Брат разыскал его лишь через много лет. К тому времени Клинтон Тайри уже стал губернатором, и в его распоряжении была вся государственная правоохранительная система, иногда бурно являвшая свою эффективность. Губернаторского брата, который скрывался под именем погибшего во Вьетнаме сержанта, разоблачил приметливый клерк во время рутинной проверки отпечатков пальцев. По отпечаткам выяснилось, что Дойл Тайри находится в тюрьме Орландо, где отбывает тридцатидневный срок за противоправное вторжение в чужие владения. Его арестовали за то, что он со спальным мешком и походной печкой расположился в башне «Замка Золушки» городка аттракционов «Мир Диснея». За два года это произошло в тридцать шестой раз. Охранники городка считали Дойла Тайри алкашом, но на самом деле он не выпил ни капли спиртного с того вечера в Нха Транге. Его вызволили из тюрьмы, помыли, побрили, одели и на губернаторском самолете доставили в Таллахасси.
Для Клинтона Тайри встреча прошла мучительно. Дойл ухватил брата за руку, его безжизненные глаза вроде бы засветились, но он не произнес ни слова за весь час, что они провели в губернаторском особняке. Сидел, словно шомпол проглотил, на краешке кожаного дивана и тупо смотрел на листик мяты, плавающий в чае со льдом. Наконец Клинтон спросил:
– Дойл, скажи ради бога, чем я могу тебе помочь?
Дойл Тайри вынул у брата из нагрудного кармана шариковую ручку – дешевый сувенир с эмблемой штата – и стал писать мелкими печатными буквами на собственном предплечье. Он так крепко нажимал, что на каждой букве из руки выдавливалась капелька темной крови. Вот что он написал: «Отправь меня в безопасное место».
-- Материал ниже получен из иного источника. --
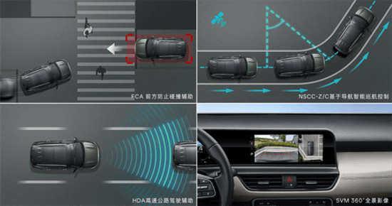 安全性能是另一大亮点。该车搭载了FCA前方防碰撞辅助(可识别车辆、行人、自行车及交叉路口)、LKA车道保持辅助、SCC智能巡航控制等20余项驾驶辅助功能,其中HDA高速公路驾驶辅助和SVM360°全景影像等同级罕见配置,构建了从城市道路到高速场景的全覆盖安全网络。例如,FCA系统不仅能预警前方车辆,还能探测行人及自行车,有效降低事故风险;LKA系统则在车辆无意识偏离车道时,通过方向盘震动和轻微转向力纠正路线。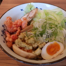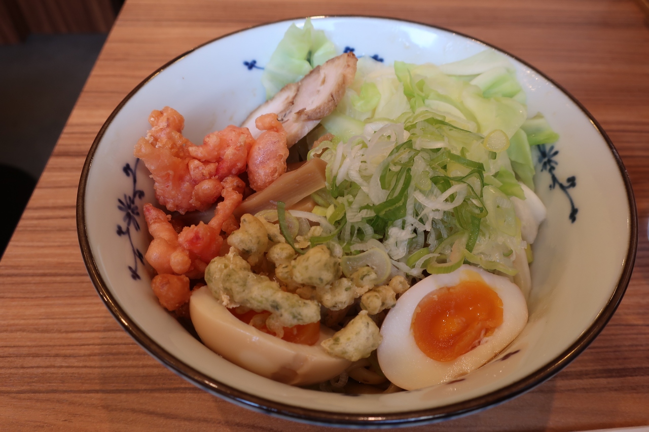 まぜそば、汁そばの看板が出ていて、まぜそば490円とお手軽値段でびっくり。カウンターとテーブル席少しの小さな店です。14時近くということもあって客は少なく、テーブルに座りました。せっかくなので坦々まぜそば590円に。胡麻ベースの濃厚まぜそばということです。太麺なので茹でるのに多少時間がかかって登場。2玉まで麺大盛り無料とのことでしたが、それほど空腹でなかったので、普通盛りにしても結構な量。テーブルにある揚げ玉をのせていただきます。チャーシューは大きくこの値段にしては上出来です。

Через неделю Дойл Тайри стал работать смотрителем маленького маяка в Соколиной бухте неподалеку от Хоуб-Саунда. Башня в красную полоску – туристская достопримечательность Государственного парка Соколиной бухты – не функционировала уже лет сорок и нуждалась в постоянном смотрителе не больше мавзолея. Но это было действительно безопасное место для отыскавшегося губернаторского брата, чья служба со скромным годовым жалованьем в 17 300 долларов явилась первым и единственным фактом кумовства Клинтона Тайри.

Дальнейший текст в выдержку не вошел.